▸ TASK
All lines from the one with "Abadía Benedictina de Santo Domingo de Silos" through the end of the records below are to be given again exactly, and nothing else.

Stored data

━━━

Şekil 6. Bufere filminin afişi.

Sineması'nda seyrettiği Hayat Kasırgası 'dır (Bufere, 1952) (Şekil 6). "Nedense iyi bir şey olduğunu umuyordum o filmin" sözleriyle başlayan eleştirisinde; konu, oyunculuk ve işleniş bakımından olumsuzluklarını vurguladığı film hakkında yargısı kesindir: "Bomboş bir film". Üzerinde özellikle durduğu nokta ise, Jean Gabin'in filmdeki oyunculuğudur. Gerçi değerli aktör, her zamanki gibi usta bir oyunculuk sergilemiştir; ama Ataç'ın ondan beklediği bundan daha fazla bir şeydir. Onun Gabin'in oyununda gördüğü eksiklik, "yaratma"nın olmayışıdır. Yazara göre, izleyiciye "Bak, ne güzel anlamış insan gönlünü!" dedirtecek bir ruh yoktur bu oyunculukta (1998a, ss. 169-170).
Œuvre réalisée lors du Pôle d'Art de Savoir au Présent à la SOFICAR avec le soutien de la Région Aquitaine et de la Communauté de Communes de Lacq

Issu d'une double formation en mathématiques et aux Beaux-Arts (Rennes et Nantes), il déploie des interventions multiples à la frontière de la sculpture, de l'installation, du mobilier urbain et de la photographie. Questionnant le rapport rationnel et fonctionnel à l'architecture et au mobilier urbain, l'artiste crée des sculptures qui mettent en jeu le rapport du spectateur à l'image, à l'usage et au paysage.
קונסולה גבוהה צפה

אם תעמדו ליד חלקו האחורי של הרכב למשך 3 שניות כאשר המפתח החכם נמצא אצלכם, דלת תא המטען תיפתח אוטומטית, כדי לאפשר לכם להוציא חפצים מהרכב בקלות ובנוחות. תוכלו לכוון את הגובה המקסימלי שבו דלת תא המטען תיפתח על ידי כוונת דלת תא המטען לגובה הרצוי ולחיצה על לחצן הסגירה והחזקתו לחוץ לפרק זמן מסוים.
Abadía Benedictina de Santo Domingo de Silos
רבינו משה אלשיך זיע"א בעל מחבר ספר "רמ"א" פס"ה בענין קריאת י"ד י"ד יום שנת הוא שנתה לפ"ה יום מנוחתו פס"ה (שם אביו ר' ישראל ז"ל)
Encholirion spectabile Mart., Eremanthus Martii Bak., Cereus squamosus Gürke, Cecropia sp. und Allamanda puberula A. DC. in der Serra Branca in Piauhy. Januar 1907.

━━━

▸ RESPONSE AREA
Abadía Benedictina de Santo Domingo de Silos
רבינו משה אלשיך זיע"א בעל מחבר ספר "רמ"א" פס"ה בענין קריאת י"ד י"ד יום שנת הוא שנתה לפ"ה יום מנוחתו פס"ה (שם אביו ר' ישראל ז"ל)
Encholirion spectabile Mart., Eremanthus Martii Bak., Cereus squamosus Gürke, Cecropia sp. und Allamanda puberula A. DC. in der Serra Branca in Piauhy. Januar 1907.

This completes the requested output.